FIPRESCI | the international federation of film critics | Festival report | Rotterdam 2009: Trainee Project | accessed 2 January 2010

Both “9808 An Anthology of 10th Year Indonesian Reform” and “Blind Pig Who Wants To Fly share fragmentary narratives that deal with the Chinese-Indonesian identity claim after the end of Suharto’s dictatorship.

Indonesia is an archipelago of identities. It is not only a fragmentary country with hundreds of different islands, but also the world’s fourth-most populous nation, where about 300 different ethnic groups live. At this puzzle-like scenario, struggling for the own identity becomes then a relevant issue, especially for those who had suffered government pressures because of ethnic discrimination. Is identity cultural folklore? Or is maybe language, family ties, heritage or memories? What might happen if you are forced to hide your identity because it is forbidden by law?

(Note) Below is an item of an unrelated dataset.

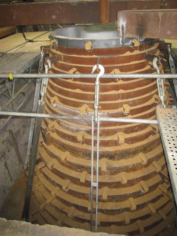 De gietvorm. Ze lijkt minder hoog dan ze in werkelijkheid is, omdat ze gedeeltelijk in een put zit.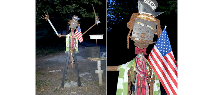 Several months ago, the Iron Man of Norway Hill appeared. Since then, folks have been adorning it. A few weeks back we found a bow tie. What the heck.

Both 9808 An Anthology of 10th Year Indonesian Reform, a compilation of several short films, and Blind Pig Who Wants To Fly, directed by Edwin and awarded with the FIPRESCI prize at 38th IFFR, deal with the uprising of Chinese-Indonesian identity rights after the end of Suharto’s dictatorship by inquiring those questions in relation with the Indonesia’s very near past. Although the movies were conceived separately, they could be seen as a double portrait, a diptych in which one, 9808 An Anthology of 10th Year Indonesian Reform, enlightens the other and might function as a prologue of what Edwin shows in his allegoric Blind Pig Who Wants To Fly. Both, however, are built up from fragments — short films and a kaleidoscopic structure on the other hand — that finally conform a mosaic that mirrors the Jakarta riots of May 1998 and its consequences.

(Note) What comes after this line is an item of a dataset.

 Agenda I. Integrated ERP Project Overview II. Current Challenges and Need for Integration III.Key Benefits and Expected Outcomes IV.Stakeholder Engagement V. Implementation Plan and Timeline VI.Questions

Scriptwriter Prima Rusdi is the man behind 9808 An Anthology of 10th Year Indonesian Reform: he encouraged ten young filmmakers to look back on May in 1998. In the short film Sugiharti Halim, director Ariani Darmawan wants to ask the audience what does a name mean, by remembering the law that forced the Ethnic-Chinese to adopt an Indonesian sounding name. Changing identities are also the topic of Chronicles of a (former) Demonstrator, directed by Wisnu Suryapratama, Yesterday, directed by Otty Widasari, and Hafiz’s Meet Jen: the first follows the filmmaker, one of the main activists during the students demonstrations of May 1998 and now a former father and husband; the second, examines different stages of two women life, with the Jakarta riots in mind; and the last short film also follows a man, Jen, whose life has not been transformed nor affected by Indonesia political changes. The other short films (Where Was I?, by Anggun Priambodo, Happiness Morning Light, directed by Ifa Isfansyah, A Letter of Unprotected Memories, by Lucky Kuswandi, The Unfinished One, by Ucu Agustin, Our School, Our Lives, directed by Steve Pillar Setiabudi) gives us the clues of the importance of the end of the New Order government in relation with the ethnic-Chinese conflict in Indonesia.

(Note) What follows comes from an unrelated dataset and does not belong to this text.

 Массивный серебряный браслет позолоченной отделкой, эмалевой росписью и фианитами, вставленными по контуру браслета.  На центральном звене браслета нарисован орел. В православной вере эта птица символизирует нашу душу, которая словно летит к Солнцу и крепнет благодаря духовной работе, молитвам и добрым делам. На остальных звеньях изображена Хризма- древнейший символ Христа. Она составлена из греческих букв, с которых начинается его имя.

Edwin is also present in the short film anthology with his work Trip to the Wound, in which a young man and a young woman meet in a travel bus and begin talking about wounds, physical and mental; but what we find in this previous work has nothing to do with his feature debut. Blind Pig Who Wants To Flycertainly is a very brave and challenging movie. With its radical non-linear storytelling and their powerful and sometimes obscure metaphors, Edwin tells the situation of the ethnic-Chinese community through the perspective of the minority itself. At the first sequence, a couple of badminton players are playing a match and suddenly one little boy asked his father which of both is supposed to be Indonesian, because he cannot distinguish. Confusion and rejection of the own identity are at least, the main topics in the movie: Chinese-Indonesian are shown as someone who is waiting for something to blow up, someone being screwed up by Indonesian, someone confused with its own identity. Linda’s father is surely the character that best represent these ideas. He is a blind dentist who is pretending at the movie to be another person and he doesn’t care the price he has to pay in order to achieve his ultimate goal, not to be Chinese.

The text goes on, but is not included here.